18.1 Introduction

The last three chapters introduced tools to apply the decision-making process (Sect. 15.4) used in research:

  1. Make an assumption about the population parameter.
  2. Based on this assumption, describe what values the sample statistic might reasonably be expected from all possible samples.
  3. Observe the sample data, and see if it seems consistent with the expectation, or if it contradicts the expectation.

One key observation is that, under certain conditions, the variation of many sample statistics (such as the sample mean, etc.) from sample to sample can be described approximately by a normal distribution. As a result, the expected behaviour of these statistics can be described, so we know what to expect from the sample statistic.

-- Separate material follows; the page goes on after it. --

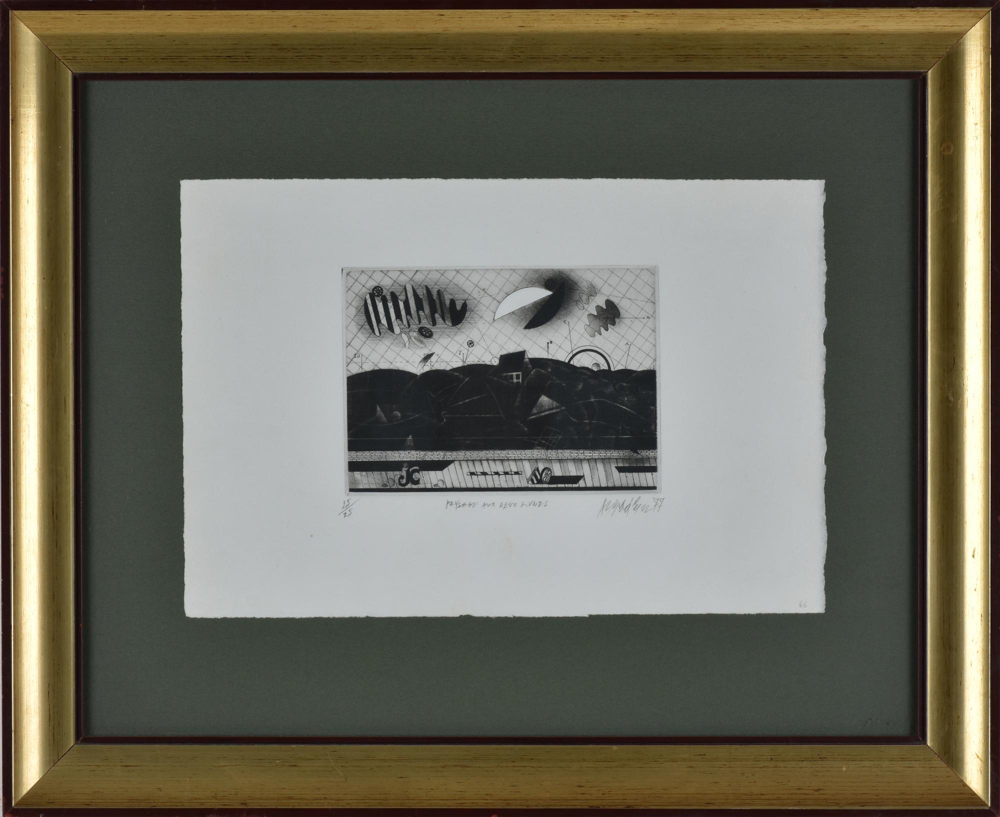 Assadour PAYSAGE AUX DEUX LUNES bulino e maniera nera su carta, battuta cm...

This has been alluded to before. In Sect. 15.4, the sample proportion of red cards in a sample of 15 varied from hand to hand, and was approximately distributed as a normal distribution. This is no accident: Many sample statistics vary from sample to sample with an approximate normal distribution if certain conditions are met. This is called the Central Limit Theorem.

A sampling distribution describes the distribution of the sample statistic: How the value of the sample statistic varies from sample to sample for many samples. The sampling distribution here is a normal distribution.

Definition 18.1 (Sampling distribution) A sampling distribution is the distribution of some sample statistic, showing how its value varies from sample to sample.